Published on February 24, 2009 at 1:54pm

Born Stefan Murphy, Dublin-based The Mighty Stef is the latest in the long line of wayward Irish poet-rockers that stretches back to Thin Lizzy's Phil Lynott and the Pogues' Shane MacGowan. But don't take our word for it — since 2006, Stef has been managed by Frank Murray, who also guided Thin Lizzy's career (and co-wrote "The Boys are Back in Town") and continues to handle MacGowan's affairs.

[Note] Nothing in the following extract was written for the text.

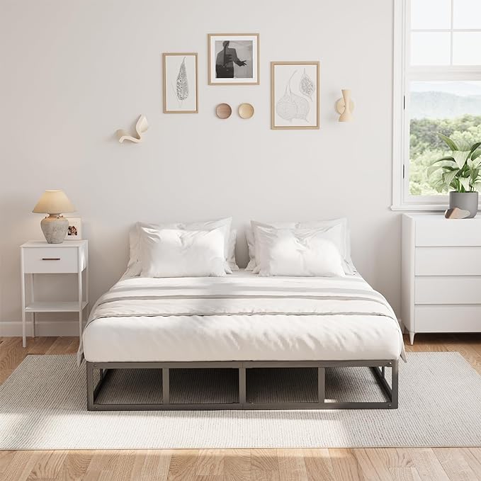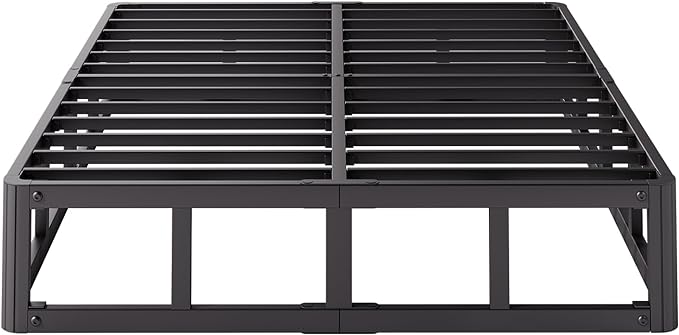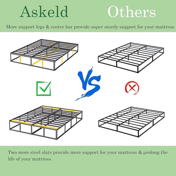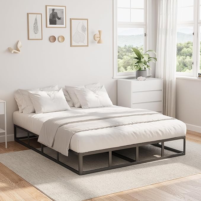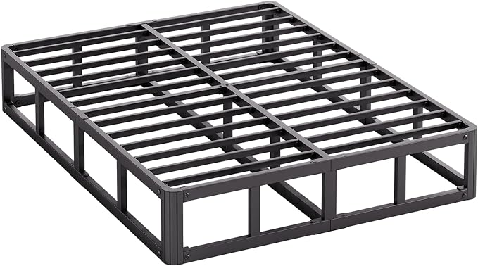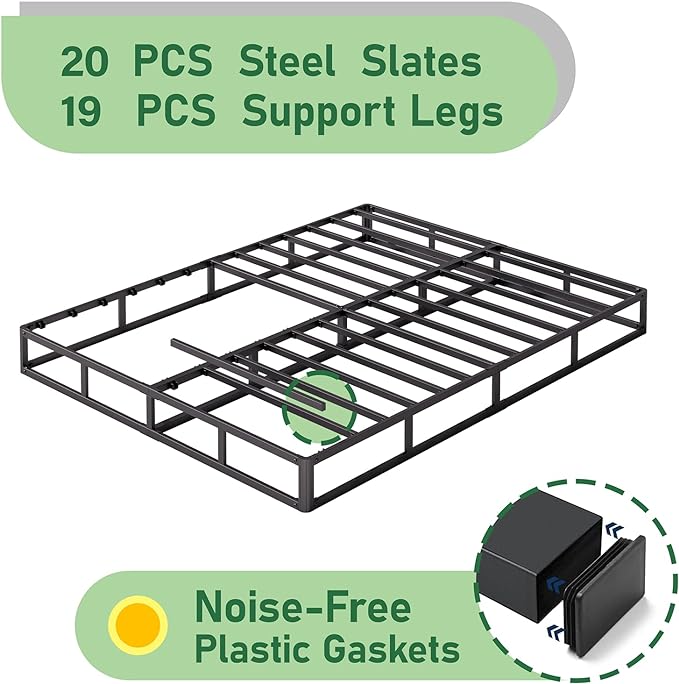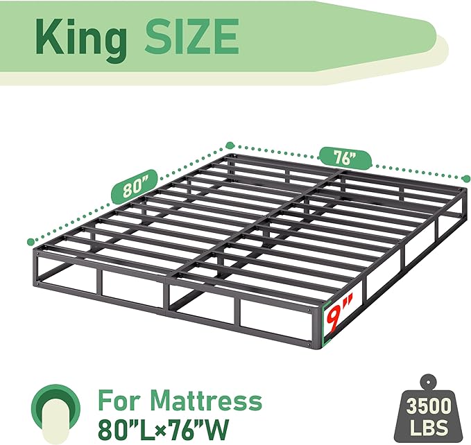 King Bed Frame, 9 Inch High Metal Box Spring with More Steel Slats Support, Sturdy Platform Bedframe Low to Floor, 3500 Lbs Weight Capacity Heavy Duty Mattress Base, Easy Assembly, Black

Small wonder, then, that MacGowan surfaces to duet on Townes Van Zandt's "Waitin' Around to Die" on Stef's new album 100 Midnights, a slurry, mostly acoustic ­gospel-influenced gypsy carnival that belongs on the same shelf as Tom Waits, Billy Bragg and Nick Cave. "Waitin'," with ex-TVZ guitarist Phillip Donnelly on slide, isn't the only Houston-connected song on Midnights, either: "Russian Roulette" pays tribute to the late, great Johnny Ace, the Memphis R&B crooner who famously (and, most people believe, accidentally) shot himself in front of his girlfriend and Big Mama Thornton backstage at the old City Auditorium on Christmas night 1954. No reason to wait until Stef returns for SXSW to crack that bottle of Powers, then — but please, son, don't take your guns to town.